▸ ACTIVITY:
Print, exactly as they appear in the listing below, the lines from the line with "Geef dit artikel" to the line with "وجّه عضو مجلس", with both end lines kept.

▸ TASK INPUT:
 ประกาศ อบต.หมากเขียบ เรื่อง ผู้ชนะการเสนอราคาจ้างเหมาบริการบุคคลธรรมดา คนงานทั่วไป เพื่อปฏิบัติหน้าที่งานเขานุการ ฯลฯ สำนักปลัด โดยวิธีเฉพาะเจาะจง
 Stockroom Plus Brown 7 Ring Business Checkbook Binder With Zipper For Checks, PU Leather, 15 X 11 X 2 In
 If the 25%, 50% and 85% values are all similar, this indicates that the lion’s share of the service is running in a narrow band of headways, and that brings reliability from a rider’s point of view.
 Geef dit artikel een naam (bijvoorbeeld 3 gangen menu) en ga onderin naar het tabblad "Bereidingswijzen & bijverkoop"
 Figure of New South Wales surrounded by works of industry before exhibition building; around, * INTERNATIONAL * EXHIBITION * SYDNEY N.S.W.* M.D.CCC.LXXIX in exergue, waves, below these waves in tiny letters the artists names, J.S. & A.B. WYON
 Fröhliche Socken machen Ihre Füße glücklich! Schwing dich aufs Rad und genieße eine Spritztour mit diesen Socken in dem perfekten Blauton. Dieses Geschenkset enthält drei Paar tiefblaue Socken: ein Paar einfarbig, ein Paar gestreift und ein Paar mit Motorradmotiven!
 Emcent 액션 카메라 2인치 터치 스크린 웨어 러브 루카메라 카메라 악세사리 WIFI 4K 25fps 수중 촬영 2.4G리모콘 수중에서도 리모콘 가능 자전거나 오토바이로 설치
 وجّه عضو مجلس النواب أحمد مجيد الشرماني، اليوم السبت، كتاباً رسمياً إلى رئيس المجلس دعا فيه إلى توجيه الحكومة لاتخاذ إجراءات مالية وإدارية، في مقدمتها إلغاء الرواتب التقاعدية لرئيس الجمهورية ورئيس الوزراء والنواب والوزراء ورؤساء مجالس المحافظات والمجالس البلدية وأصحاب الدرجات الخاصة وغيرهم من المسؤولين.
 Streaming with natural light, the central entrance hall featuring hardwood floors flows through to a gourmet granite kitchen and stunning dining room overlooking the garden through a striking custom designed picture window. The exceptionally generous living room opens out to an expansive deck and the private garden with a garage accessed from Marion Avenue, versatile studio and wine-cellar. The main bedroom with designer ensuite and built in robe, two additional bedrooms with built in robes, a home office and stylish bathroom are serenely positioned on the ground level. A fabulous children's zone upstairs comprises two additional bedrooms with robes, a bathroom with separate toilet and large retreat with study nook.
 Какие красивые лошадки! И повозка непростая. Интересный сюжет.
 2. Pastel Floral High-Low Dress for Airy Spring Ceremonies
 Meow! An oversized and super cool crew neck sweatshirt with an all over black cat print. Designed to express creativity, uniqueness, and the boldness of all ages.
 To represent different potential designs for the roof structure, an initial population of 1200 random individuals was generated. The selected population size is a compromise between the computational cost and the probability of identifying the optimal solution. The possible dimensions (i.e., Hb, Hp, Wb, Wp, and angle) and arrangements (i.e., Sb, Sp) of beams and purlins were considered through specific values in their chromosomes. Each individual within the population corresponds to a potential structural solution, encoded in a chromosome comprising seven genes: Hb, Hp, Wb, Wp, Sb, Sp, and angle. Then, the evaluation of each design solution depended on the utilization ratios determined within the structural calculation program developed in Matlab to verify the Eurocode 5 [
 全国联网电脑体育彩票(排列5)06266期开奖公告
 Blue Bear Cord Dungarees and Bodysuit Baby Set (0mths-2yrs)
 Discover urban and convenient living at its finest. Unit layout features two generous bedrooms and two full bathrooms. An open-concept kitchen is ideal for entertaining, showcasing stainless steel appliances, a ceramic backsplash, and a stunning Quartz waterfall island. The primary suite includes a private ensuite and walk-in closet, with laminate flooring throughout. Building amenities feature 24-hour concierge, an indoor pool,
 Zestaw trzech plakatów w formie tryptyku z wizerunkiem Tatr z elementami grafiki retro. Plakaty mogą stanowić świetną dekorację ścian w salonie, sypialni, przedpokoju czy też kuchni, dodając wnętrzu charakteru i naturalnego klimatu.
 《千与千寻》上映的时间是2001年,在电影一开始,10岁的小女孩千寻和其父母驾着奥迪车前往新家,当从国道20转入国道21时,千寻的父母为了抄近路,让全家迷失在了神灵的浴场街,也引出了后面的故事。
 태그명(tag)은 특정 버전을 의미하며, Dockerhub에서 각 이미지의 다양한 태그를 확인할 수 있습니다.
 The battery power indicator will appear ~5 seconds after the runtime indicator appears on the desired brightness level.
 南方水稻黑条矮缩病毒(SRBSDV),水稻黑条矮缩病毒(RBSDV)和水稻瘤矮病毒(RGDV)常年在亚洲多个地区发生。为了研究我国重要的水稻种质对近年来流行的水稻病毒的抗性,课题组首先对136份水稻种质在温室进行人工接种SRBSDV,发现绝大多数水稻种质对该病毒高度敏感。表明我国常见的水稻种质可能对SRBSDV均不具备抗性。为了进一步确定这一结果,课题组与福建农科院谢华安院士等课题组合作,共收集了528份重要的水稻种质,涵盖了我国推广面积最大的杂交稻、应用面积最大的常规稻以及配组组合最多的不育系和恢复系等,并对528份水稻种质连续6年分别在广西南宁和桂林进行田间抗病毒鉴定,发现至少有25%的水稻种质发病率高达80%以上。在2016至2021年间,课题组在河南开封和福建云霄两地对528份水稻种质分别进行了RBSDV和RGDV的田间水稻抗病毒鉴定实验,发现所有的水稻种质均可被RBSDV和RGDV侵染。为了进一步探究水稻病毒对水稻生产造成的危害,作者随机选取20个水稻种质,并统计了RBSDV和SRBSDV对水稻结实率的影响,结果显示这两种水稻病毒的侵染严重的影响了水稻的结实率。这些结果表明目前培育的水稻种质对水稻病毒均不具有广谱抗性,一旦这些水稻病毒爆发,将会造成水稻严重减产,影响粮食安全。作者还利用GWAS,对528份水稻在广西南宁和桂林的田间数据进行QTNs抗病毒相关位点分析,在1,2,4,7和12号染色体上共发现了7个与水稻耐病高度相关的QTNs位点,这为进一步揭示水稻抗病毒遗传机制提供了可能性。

▸ SOLUTION TO THIS TASK:
 Geef dit artikel een naam (bijvoorbeeld 3 gangen menu) en ga onderin naar het tabblad "Bereidingswijzen & bijverkoop"
 Figure of New South Wales surrounded by works of industry before exhibition building; around, * INTERNATIONAL * EXHIBITION * SYDNEY N.S.W.* M.D.CCC.LXXIX in exergue, waves, below these waves in tiny letters the artists names, J.S. & A.B. WYON
 Fröhliche Socken machen Ihre Füße glücklich! Schwing dich aufs Rad und genieße eine Spritztour mit diesen Socken in dem perfekten Blauton. Dieses Geschenkset enthält drei Paar tiefblaue Socken: ein Paar einfarbig, ein Paar gestreift und ein Paar mit Motorradmotiven!
 Emcent 액션 카메라 2인치 터치 스크린 웨어 러브 루카메라 카메라 악세사리 WIFI 4K 25fps 수중 촬영 2.4G리모콘 수중에서도 리모콘 가능 자전거나 오토바이로 설치
 وجّه عضو مجلس النواب أحمد مجيد الشرماني، اليوم السبت، كتاباً رسمياً إلى رئيس المجلس دعا فيه إلى توجيه الحكومة لاتخاذ إجراءات مالية وإدارية، في مقدمتها إلغاء الرواتب التقاعدية لرئيس الجمهورية ورئيس الوزراء والنواب والوزراء ورؤساء مجالس المحافظات والمجالس البلدية وأصحاب الدرجات الخاصة وغيرهم من المسؤولين.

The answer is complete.